Sunday, October 21, 2018

#294 / A Little Theology

I noted in a blog posting some time ago that Michelangelo, in painting his wonderful "The Creation of Adam" on the ceiling of the Sistine Chapel, might really have been engaging in a highly subversive exercise. The painting suggests (once you see it this way you won't forget it) that the God so thrillingly depicted, giving the gift of life to Adam, is really the product (along with all those other celestial characters) of something happening inside the human brain. 

The lesson that Michelangelo seems to be teaching is that our whole idea and picture of God is a human creation. We have created God, in other words, not the other way around. There is no God outside ourselves. 

This idea, of course, is definitely subversive of the tenets of religion, and I tend to think of Michelangelo as an artist of great courage, advancing this thought, so contrary to Christian doctrine, inside a temple located within the heart of the Vatican, command central of the Catholic Church.

The suggestion that our idea and image of God is a human creation is, of course, a "modern" notion, widely acceptable to what may well be a large majority of those who ever think about theology. 

There are some other ways of trying to figure out the truth about the Creation and to understand our place in it. The Old Testament claims (in Exodus 3:14) that God is beyond any human naming or definition. When asked his name by Moses, God makes that abundantly clear: "I AM WHO I AM." The Holy God of the Jews can never be named, in witness to those words spoken to Moses. 

The New Testament idea, of course, is a pretty radical departure from that. Jesus, undeniably human, a person who bleeds when pierced and who dies on a cross, essentially claims that the Old Testament idea that we can never know God must be modified in a significant way. Jesus himself, so human, claims to incorporate God in his human form: "I am in the Father and the Father is in me" (John 14:11). When we wish to see God and to comprehend his being, Jesus suggests that we should look into the human face.
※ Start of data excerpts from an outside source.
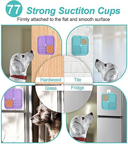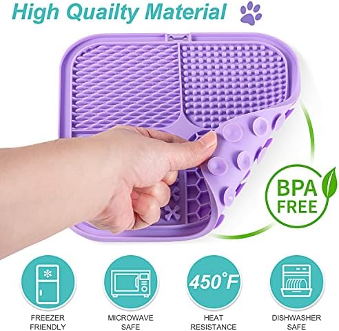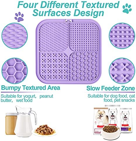 ❤️??【77 Super Suctions】: The back of this licking mat is equipped with 77 high-strength suction cups, which can be well fixed on various walls or glass, refrigerators. It is a good distraction toy for pet bathing grooming and dog nail trimming. ❤️??【Slow Feeder Mat for Dogs & Cats】: Four different textured surfaces design is prefect for spreadable treats, such as cream cheese, yoghurt, peanut butter and so on. It is a peanut butter slow feeder mat for dogs to extend the feeding time and aid digestion. This lick mat is an ideal size for cats, puppies, small meduim and large dogs. ❤️??【Reduces anxiety, boredom and destructive behavior】: The lick pads help calm pets. It is a boredom buster for dog to suppress destructive behavio and relieves anxiety at home alone. This dog treat pad is great for stressful times such vet visits, bath time, nail clipping, injury recovery as well as thunderstorms and fireworks. ❤️??【Food grade silicone】 Premium food grade silicone material, very durable and tough, safe for your pets. ❤️??【Dish-Washer & Freezer safe 】: It is dish-washer safe, and can be hand-washed in warm soapy water; and it is also freezer safe. #751 in Pet Supplies ( ) #6 in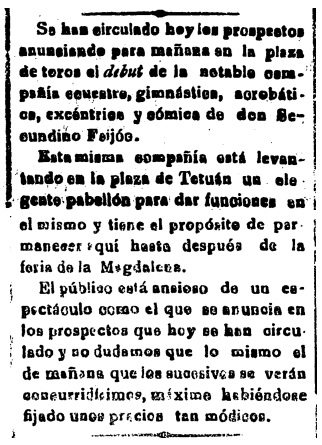 La plaza de Tetuán -antes del Calvario- acoge durante décadas distintos tipos de espectáculos. Donde antes hubo una charca, desecada en tiempos del gobernador Antonio Bermúdez de Castro en la segunda mitad del siglo XX, y más tarde se ubicaría la capilla del Calvario en el camino del antiguo cementerio, en 1900 se instala un circo. Más concretamente, a primeros de febrero se anuncia en Heraldo de Castellón la presencia de «la notable compañía ecuestre, gimnástica, acrobática, excéntrica y cómica de don Secundino Feijóo«. Su debut tiene lugar en la plaza de toros y luego, actúa en «un elegante pabellón» instalado en la plaza de Tetuán.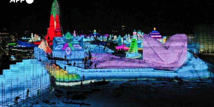 Para su construcción se utilizaron 300.000 metros cúbicos de hielo y nieve, incorporando elementos inspirados en los venideros Juegos Asiáticos de Invierno de Harbin 2025.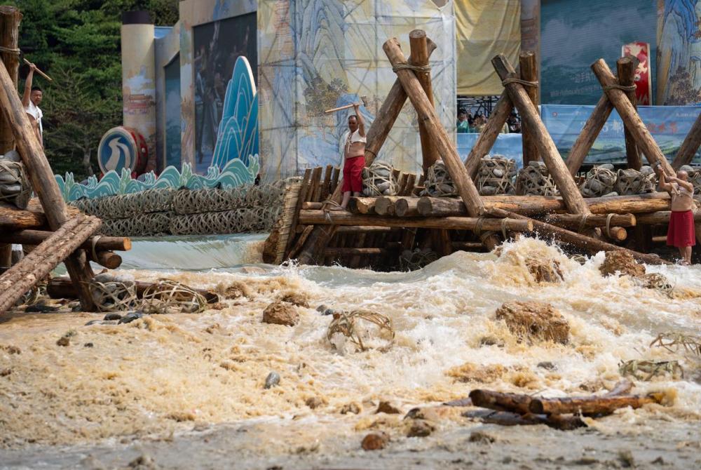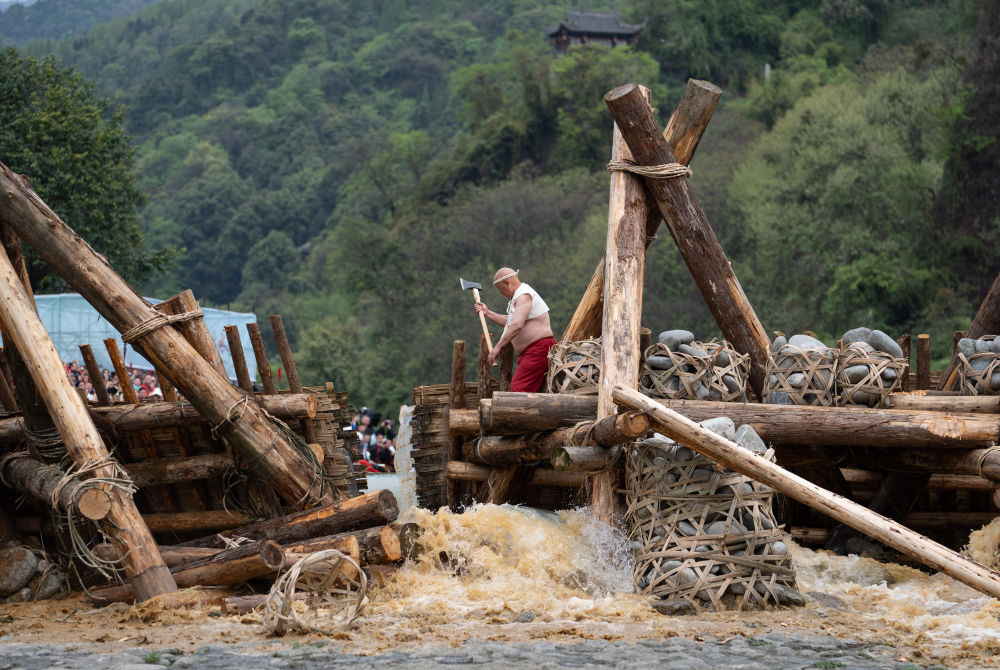 4月4日,在2025都江堰放水节上,堰工砍断杩槎的绳索后,岷江水奔流而下。新华社记者 江宏景 摄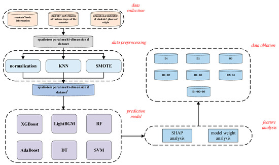 With rapid advancements in artificial intelligence and computer science, numerous advanced AI technologies have found broad application within engineering systems. Concurrently, machine learning has attracted considerable attention in Educational Data Mining (EDM) and has been utilized extensively for predicting students’ academic performance. A system employing multiple splits based on the Gini index and p-values was used by Noor et al. to build models combining six potential base machine learning algorithms arbitrarily [12]. Bansal et al. created an automated evaluation system for student performance using deep learning and machine learning techniques during the COVID-19 pandemic [13]. Asselman et al. suggested a PFA method utilizing different models like Random Forest, AdaBoost, and XGBoost to predict students’ academic performance [14]. The effectiveness of machine learning algorithms, including Naive Bayes, ID3, C4.5, and SVM, in forecasting students’ academic performance based on prior course performance was investigated by Pallathadka et al. [15]. Zhang et al. implemented a federated learning strategy, tailoring analytics to utilize distributed data while preserving privacy and decentralization [16]. To improve the accuracy of predicting students’ academic performance, machine learning algorithms have become an indispensable part of the EDM field and play an increasingly important role in educational evaluation. However, most current predictions of students’ academic performance lack consideration of multidimensional spatiotemporal factors. Firstly, in the learning of first-year courses, due to disparities in educational resources across different regions, students from different places of origin have varying levels of foundational grasp of the courses, thus experiencing different levels of difficulty in learning [17]. Secondly, most current research on predicting students’ academic performance does not track students’ performance over time, neglecting changes during the learning process. Unlike previous studies, in this research, a comprehensive multidimensional spatiotemporal feature framework was constructed to predict student performance. Innovatively, the combination of student basic information, learning performance at different stages within a semester, and educational indicators from the students’ origin regions was incorporated. This integration takes into account the dynamism of the student learning process as well as the potential impact of regional educational disparities on academic performance. Firstly, differences in educational resources across regions result in varying levels of foundational knowledge mastery among students upon enrollment, which subsequently affects their performance at various stages of university courses. By incorporating these spatiotemporal factors, researchers can delve deeper into the complex mechanisms influencing student performance, providing a more solid foundation for accurate prediction and effective intervention.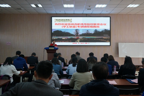 10月29日下午,苏州高职高专院校联席会议学工联盟考察团一行40人,由苏州市职业大学副校长熊贵营带队,来院考察交流,院长覃川、副院长薛玉平会见考察团一行。招生就业处、学生处、志愿服务学院负责人参加交流。
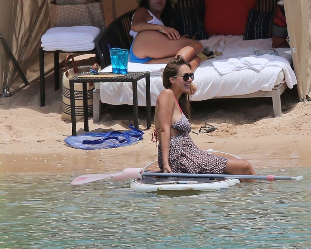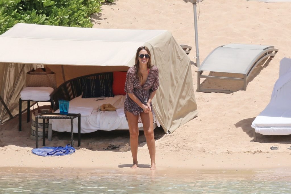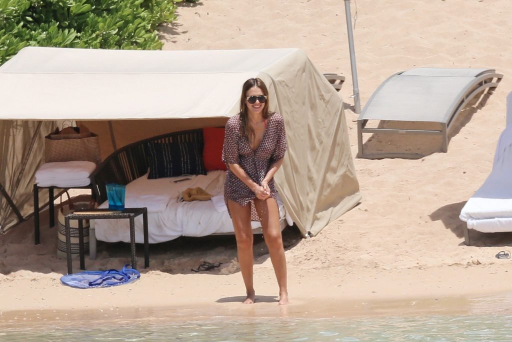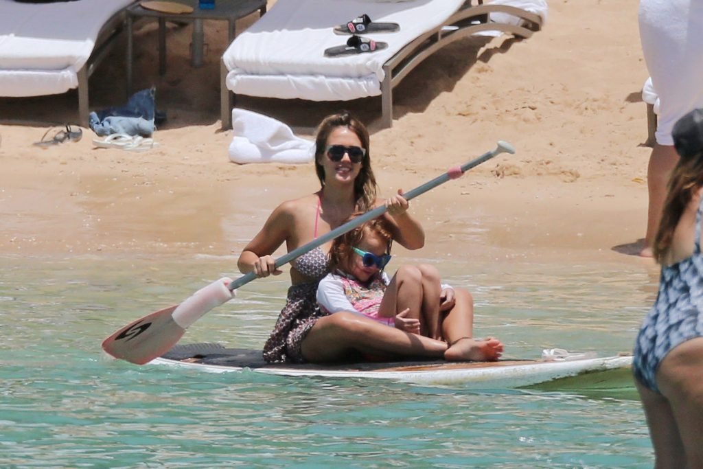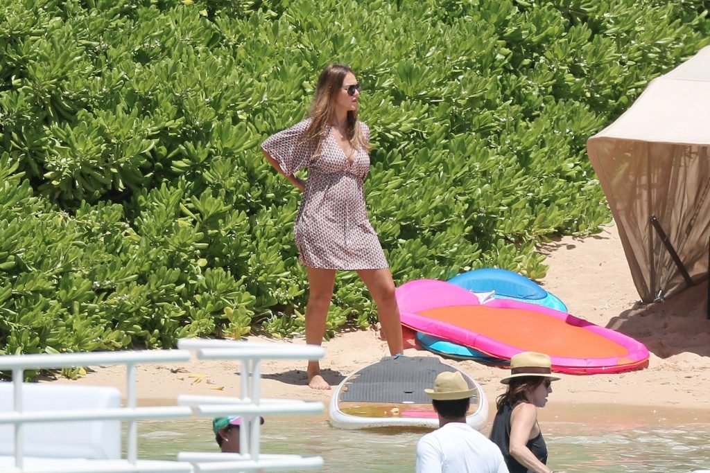 Jessica Alba llega a la playa con una pequeña pancita de embarazo. La estrella morena está de vacaciones con su familia, 17/07/2017.

I do think about theology (quite a bit, as a matter of fact), so I have naturally puzzled over these thoughts about the nature of God, and whether or not God "exists," in any sense different from the obvious fact that God exists as an idea that human beings have developed. I cannot, in the end, come down on the side that believes that we have "created God," though I admit that our "ideas" and our "pictures" of God are all human creations. Inevitably, since we are human, they would have to be. 

In my opinion, the Old Testament gets it right in saying, as Moses tells the story of his personal encounter with God, that the one true claim about God is that God is beyond naming and claiming. I happen to think that Jesus gets it right, too, by suggesting that we should look for God within ourselves, within each and every human person. The Quakers have a little phrase that gets to this: "There is that of God in every person." 

The bottom line theological truth, for me, is that "something is happening here," and we don't know what it is. We live, we know not why, but being alive is serious. Naturally, as we try to explain the unexplainable, we conjure up pictures (like the one on the ceiling of the Sistine Chapel), but the important truth is to recognize that the things that we have done, and that we have created, are all subsidiary, and wholly dependent on the existence that "God" created. Failure to admit our dependence upon the Creation, and to recognize our status as creatures in a world that makes our life possible, is the very definition of sin. That's what I learned from Professor James Sanders, at Union Theological Seminary, in 1971.

And sin is a serious mistake. Forgetting that we are utterly dependent on the Creation is a fundamental error in understanding, and will have serious consequences. As the Bible suggests, "the wages of sin is death" (Romans 6:23). 

The global warming crisis that threatens to sweep away all of our human creations in flood and fire is the perfect example, it seems to me, of how we need to have a right relationship with the Creator of all life, however depicted, and however unknowable. 

This is just a little thought for a Sunday, aimed at those who like to think about theology from time to time.